P. Mas com a Internet a coisa muda.

R. O bom é que a Internet está chegando a todas as partes. Mais de 2 bilhões de pessoas usam Facebook e Youtube. E continua crescendo. E a internet vai alcançar toda a rede de telefones celulares, e falamos de uns 6 bilhões de aparelhos, nos próximos 10 anos.

Um dos fenômenos na Internet é sem dúvida os videogames. A Netflix já piscou o olho para eles. Diversas fontes do setor afirmaram a esta publicação, anonimamente, terem mantido conversações com a empresa, e algumas dão como certo que isso faz parte de uma estratégia de incursão no negócio que potencialmente viraria esse setor de ponta cabeça.

É preciso levar em conta que a Netflix tem quase 50 milhões de usuários a mais que o console mais vendido do mundo, o PlayStation 4. Que um modelo de videogame por streaming em tarifa plana ameaçaria ainda mais às declinantes vendas nas lojas físicas e eliminaria a necessidade de um console para jogar. E que é um setor que fatura quase o triplo da bilheteria do cinema: cerca de 90 bilhões de euros [390 bilhões de reais] em 2017.

P. Está dando os primeiros passos, como se comenta a portas fechadas no setor de videogames, para integrar jogos em streaming na Netflix?

R. Não temos nenhum plano de entrar no setor de videogames. Mas suas histórias e personagens às vezes funcionam muito bem em uma mídia narrativa linear como nos filmes ou séries de televisão.
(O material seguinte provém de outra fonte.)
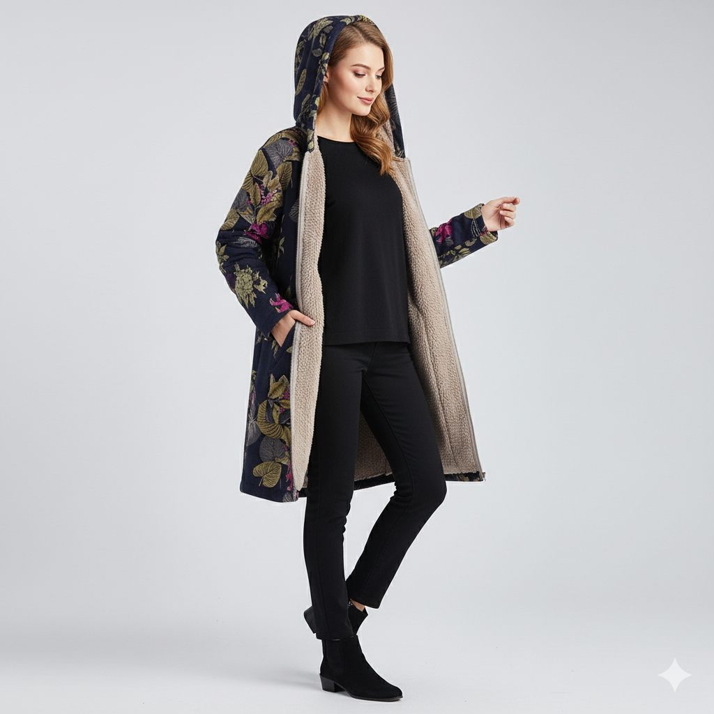 Sanae | Women's Hooded Winter Jacket — Soft Warmth & Floral Style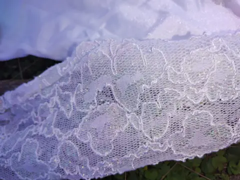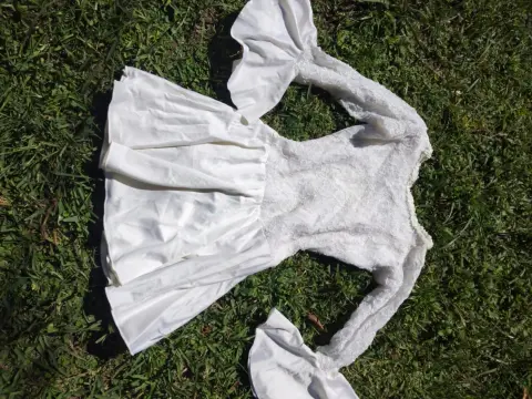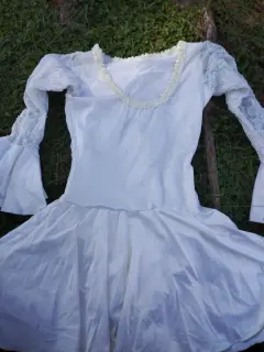 Leotardo brillante. Leotardo brillante en la parte de adel cuello tiene el borde con lentejuelas tornasol en la parte del pecho tiene encaje tornasol falda blanca aperlada tela licra poliester detalle pequeños de pluma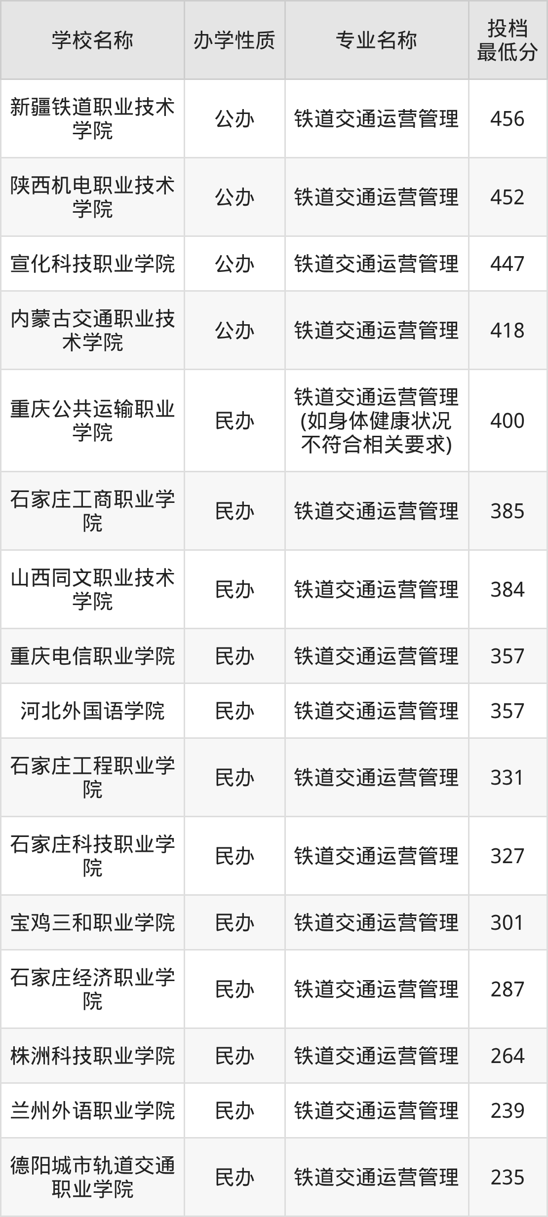 2025年铁道交通运营管理专业最低录取分数线位于235分到500分之间,收分最低的大学是德阳城市轨道交通职业学院。各校最低分如下。
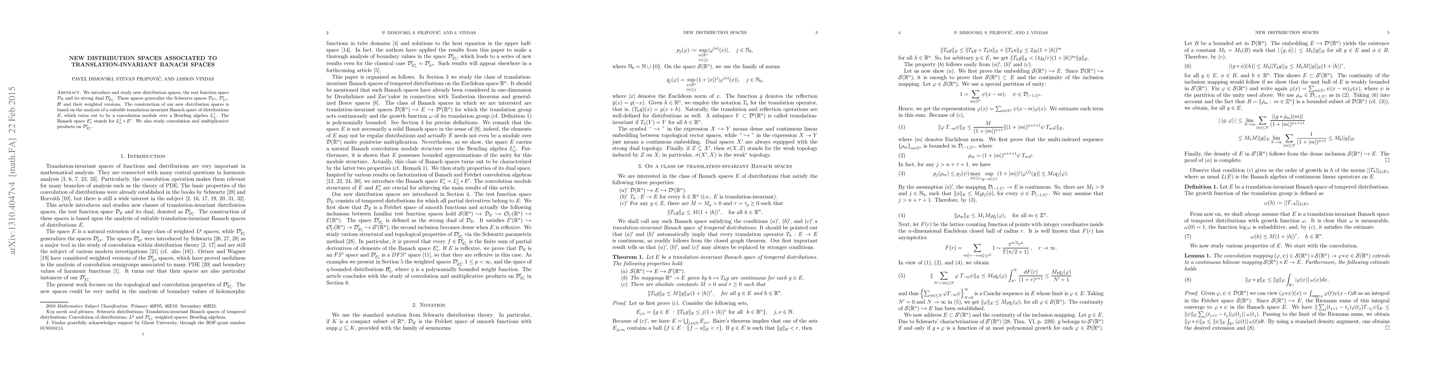 This paper introduces new distribution spaces $\mathcal{D}_E$ and $\mathcal{D}'_{E'_{\ast}}$, generalizing Schwartz spaces, based on a translation-invariant Banach space $E$ with continuous translation group. It also explores convolution and multiplicative products in $\mathcal{D}'_{E'_{\ast}}$.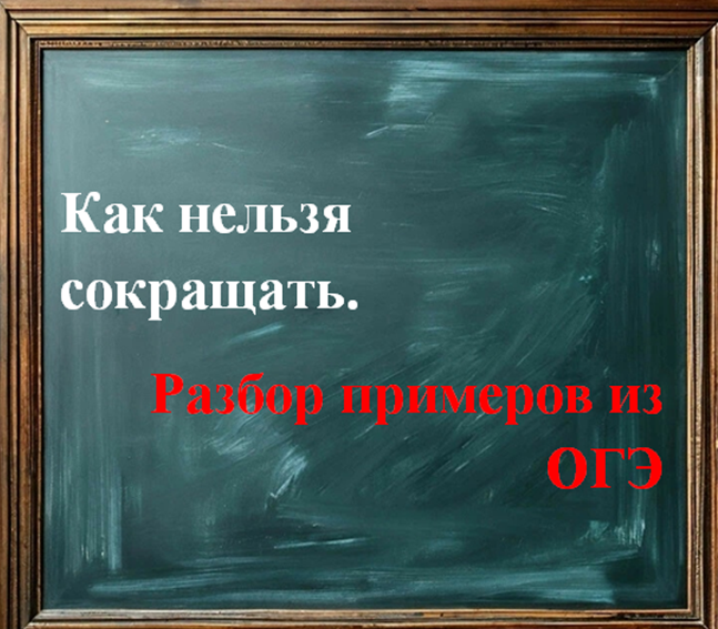 Такой излюбленный прием решения, как сокращение дробей, может оказаться весьма коварным, если применять его неправильно. Сегодня предлагаю вашему вниманию несколько примеров того, как можно, и как нельзя сокращать дроби. 1. Сокращать можно только одинаковые множители. 2. Сокращать числитель одной дроби и знаменатель другой дроби можно только в том случае, если дроби умножаются. Если дроби складываются или вычитаются, так сокращать нельзя. 3. При делении (или сокращении) степеней из их показателей вычитается наименьший показатель (см. пример 4). Еще немного алгебры из 8-9 класса Поблагодарить автора можно лайком) и комментарием, а еще подпиской на канал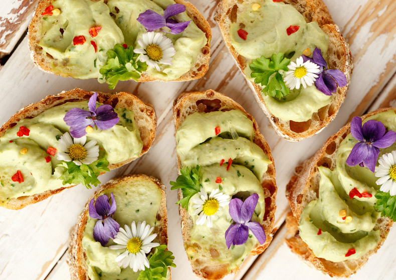Crostini primavera con hummus di avocado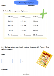 PictureΠατήστε τον παρακάτω σύνδεσμο για να κατεβάσετε και να εκτυπώσετε εντελώς δωρεάν ένα επαναληπτικό φυλλάδιο με ασκήσεις της 6ης ενότητας των μαθηματικών.
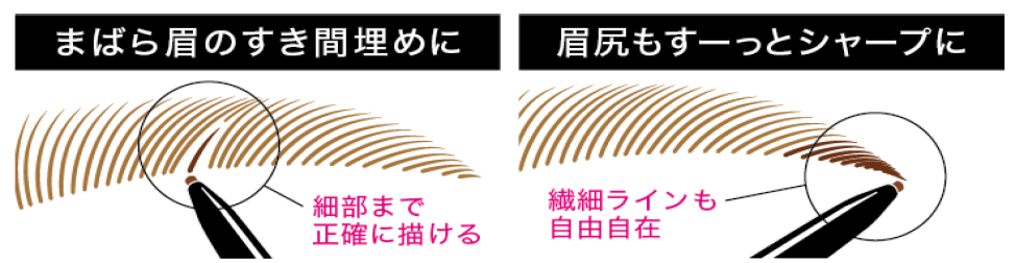 硬さと細さのベストバランスを叶え、0.44mm※1の繊細な線で、リアルな眉を一本一本描き足せます。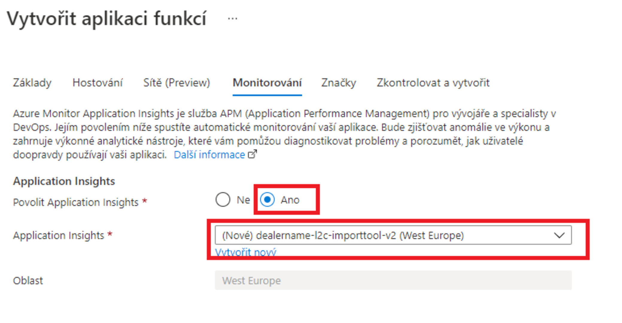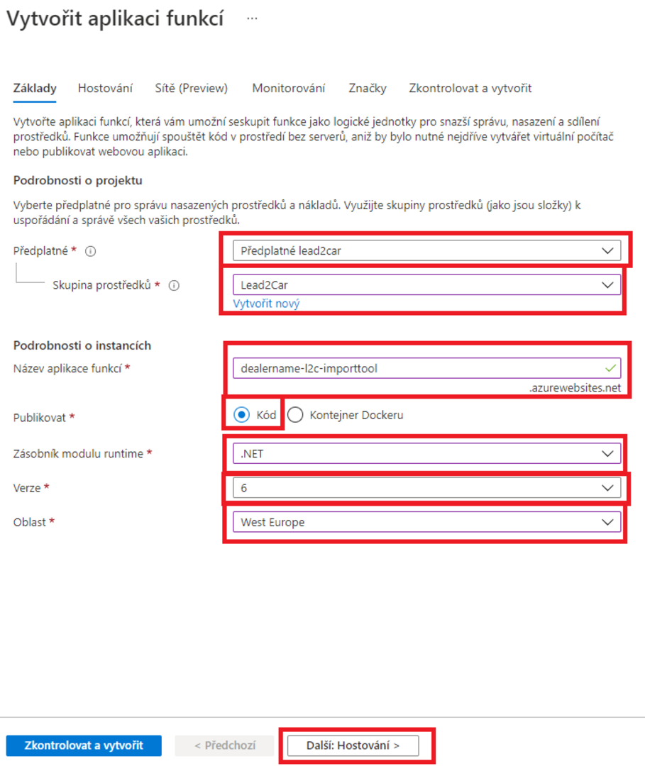 Následující obrazovku vyplňte podle obrázku níže. Zvolte již vytvořené předplatné. Skupinu prostředků budete muset vytvořit novou. V poli Název aplikace funkcí vyplňte místo dealername název vašeho dealerství. Následně klikněte na tlačítko Další.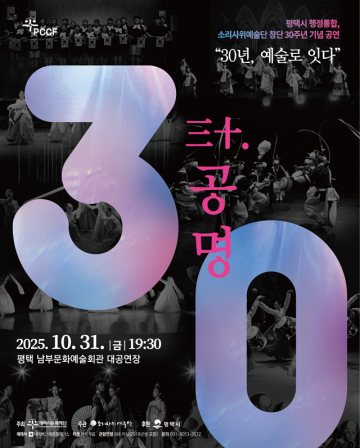 (재)평택시문화재단(대표이사 이상균)은 평택시 행정통합 30주년과 경기도 지정 전문 예술법인 소리사위예술단 창단 30주년을 기념하여, 오는 10월 31일(금) 오후 7시 30분, 평택 남부문화예술회관 대공연장에서 기념공연 〈三十, 공명(삼십, 공명)〉을 개최한다.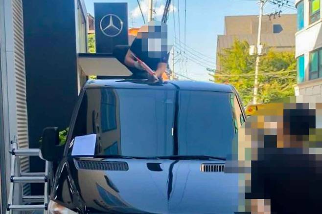 다른 사진에선 벤츠 마크가 크게 새겨진 구조물 앞에서 업체 직원으로 보이는 인물이 해당 승합 차량의 천장에 올라타 실리콘을 쏘고 있었다.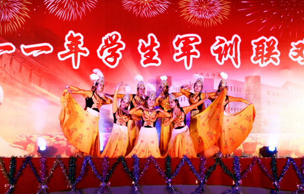 晚上7点,中国石油大学军训团组织全体同学进行了拉歌活动,各营积极互动,现场气氛活跃,全体新生用一曲整齐、嘹亮的军歌合唱《团结就是力量》拉开了晚会序幕。形式多样的晚会节目涵盖了歌曲、舞蹈、快板、诗朗诵等类型,许多节目出自学生原创,充分展现了2011级新生进取、向上的精神面貌。富有民族风情的维族舞蹈《舞动的新疆》、蒙古族舞蹈《布里亚特情》和傣族舞蹈《竹楼情歌》尽展才华;幽默诙谐的三句半《戏说军营》、回味军训生活的快板《军训新歌》彰显激情与活力;由《北京欢迎你》、《沂蒙山好地方》、《家在东北》、《布达拉宫》等歌曲共同组成的方言联唱《欢乐大中国》也是晚会一大亮点,唤起浓浓思乡情。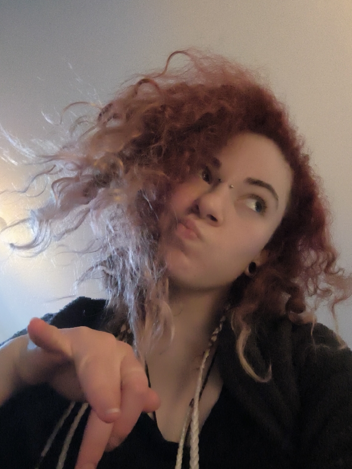 A young individual with light skin, voluminous, curly reddish-brown hair with lighter strands, is depicted indoors in the city of Unknown, Unknown. The subject's face is characterized by a pouting expression, eyes gazing upward and to the right, a silver barbell piercing on the nasal bridge, and a black tunnel earring in the left earlobe. They are wearing a dark top beneath a dark, textured outer garment, with several light-colored braided elements visible around the neck. The subject's right hand is extended forward, with the index finger pointing directly towards the viewer and the thumb raised, forming a hand gesture. The background consists of a plain, light-colored interior surface, illuminated by diffuse light.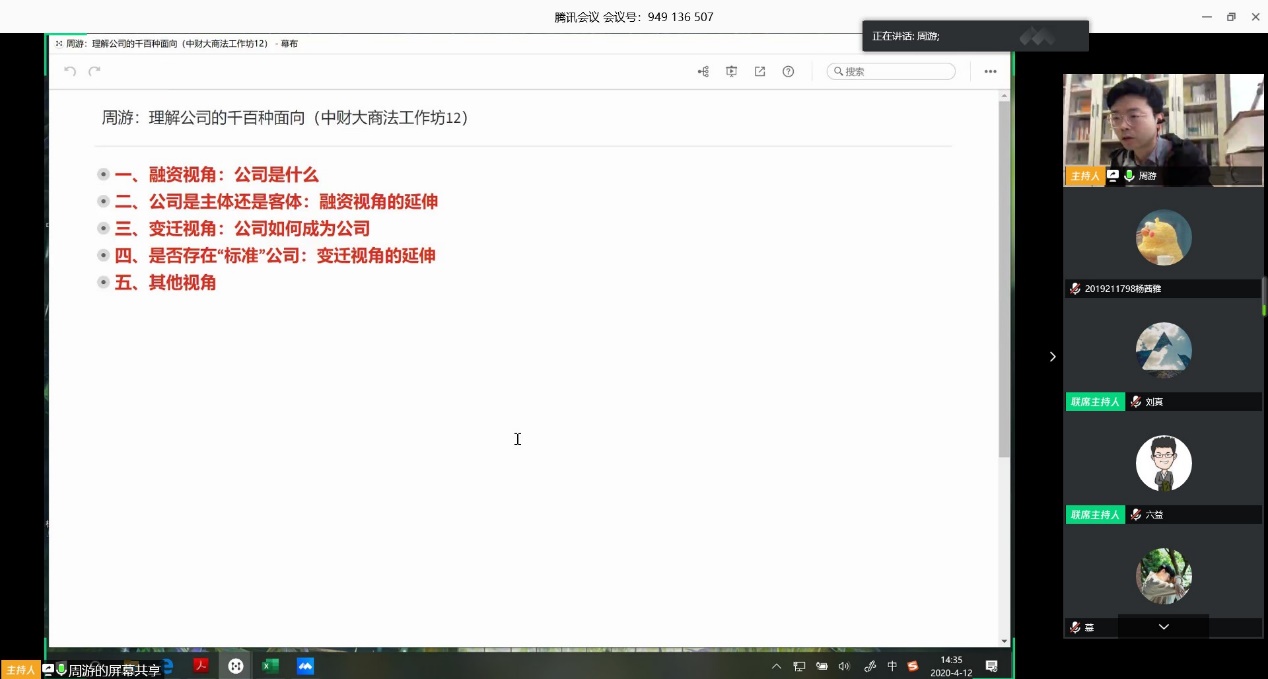 2020年4月12日下午,商法工作坊2020年第4期(总第12期)在直播平台上以线上交流与讨论的方式举行,此次活动主题是研读《公司宪治论》一书。中央民族大学beat365讲师邵六益博士作为特邀嘉宾,beat365周游副教授作为指导老师参与了本次活动。工作坊主要由指导老师引导、发言人展示、成员及其他与会者提问及评价、评议人评议、特邀嘉宾发言、指导老师总结等环节组成。此次线上活动共有60余名校内外师生及业界人士参与讨论。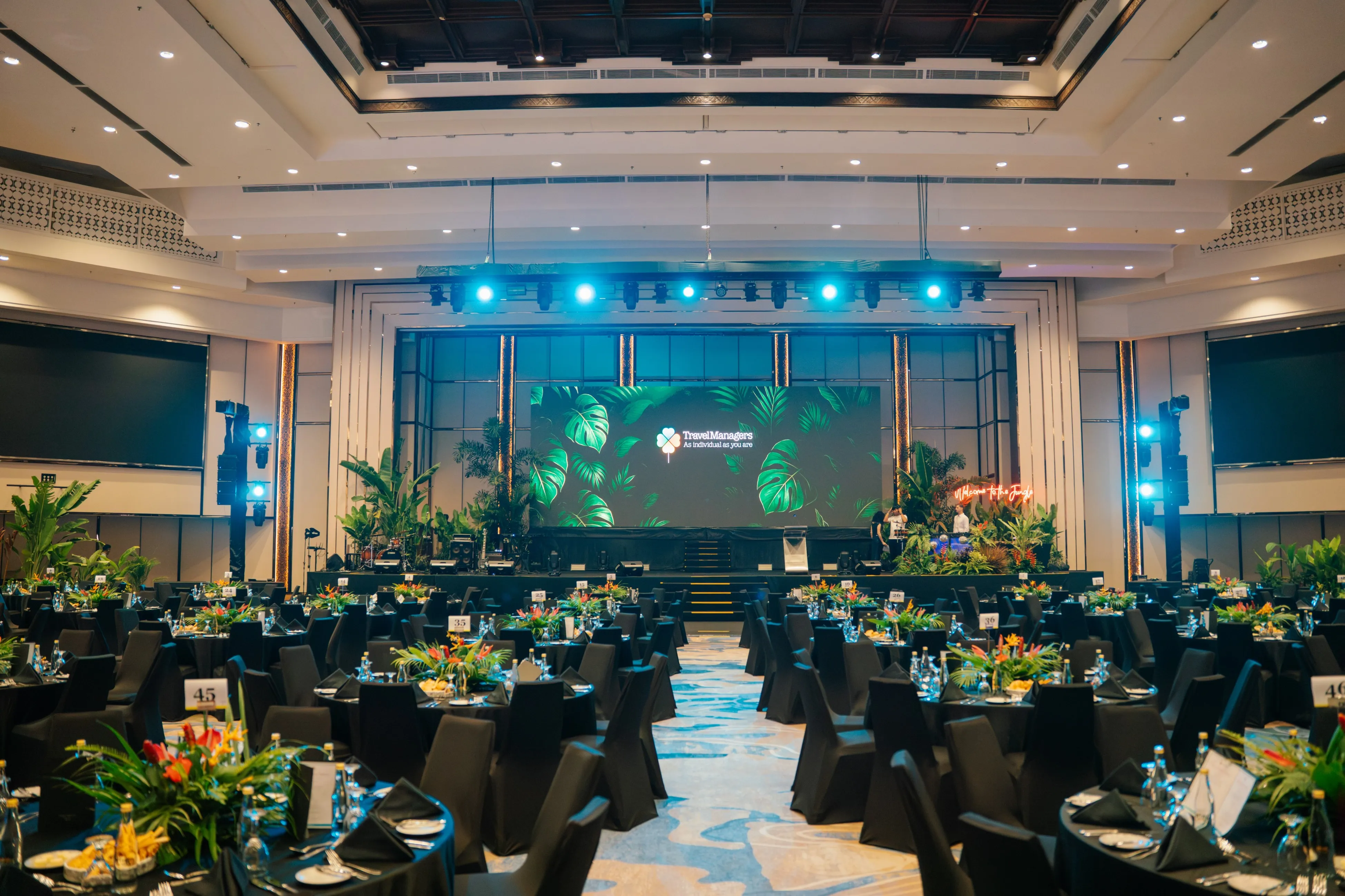 The experience starts at the entrance. Think beyond a basic welcome sign - set the tone with custom LED arches, projection mapping, digital registration kiosks, or a live performance at the entryway. Use lighting and sound to build anticipation before guests even enter the main space.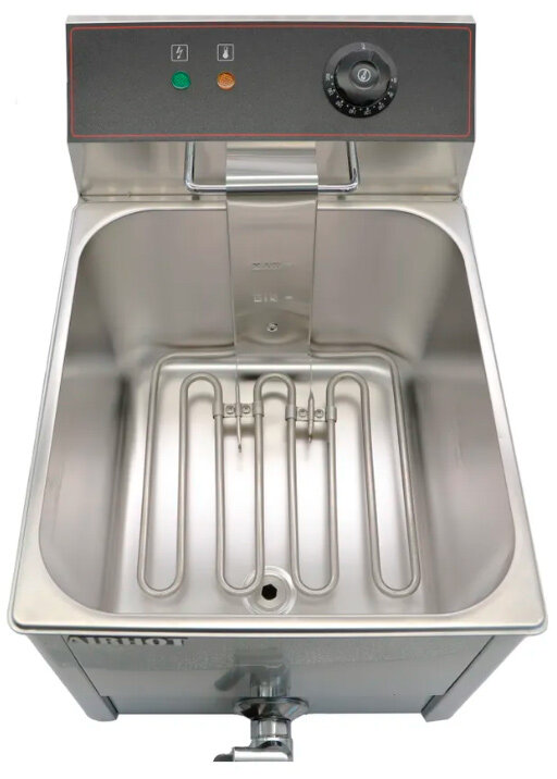 Фритюрница электрическая AIRHOT EF16 профессиональная, 5 кВт, 16 л, 1 ванна, нержавеющая сталь, кран для слива масла

Por isso os criadores de videogames estão tentando fazer com que suas criações se transformem em filmes e séries.

P. Por que foi decidido que uma série do videogame The Witcher fosse feita na Polônia em vez de levá-la a Hollywood?

R. É uma grande história e acreditamos que vão fazer um grande trabalho contando-a da Polônia. Simplesmente isso. Se pensássemos que poderia ser mais bem feita em Hollywood, nós a teríamos feito em Hollywood. A razão é a visão criativa. E volto a apontar algo que já comentei: como agradar aos nossos espectadores. Não nos preocupa de qual país vem a história.

P. Em 2017 a Netflix comprou a Millarworld, o universo criativo do roteirista de quadrinhos Mark Millar. Nesse mesmo ano anunciou que lançaria seu primeiro gibi como editora, The Magic Order, de Millar. O motivo para contratar Mark Millar é ter uma espécie de laboratório criativo para futuras produções?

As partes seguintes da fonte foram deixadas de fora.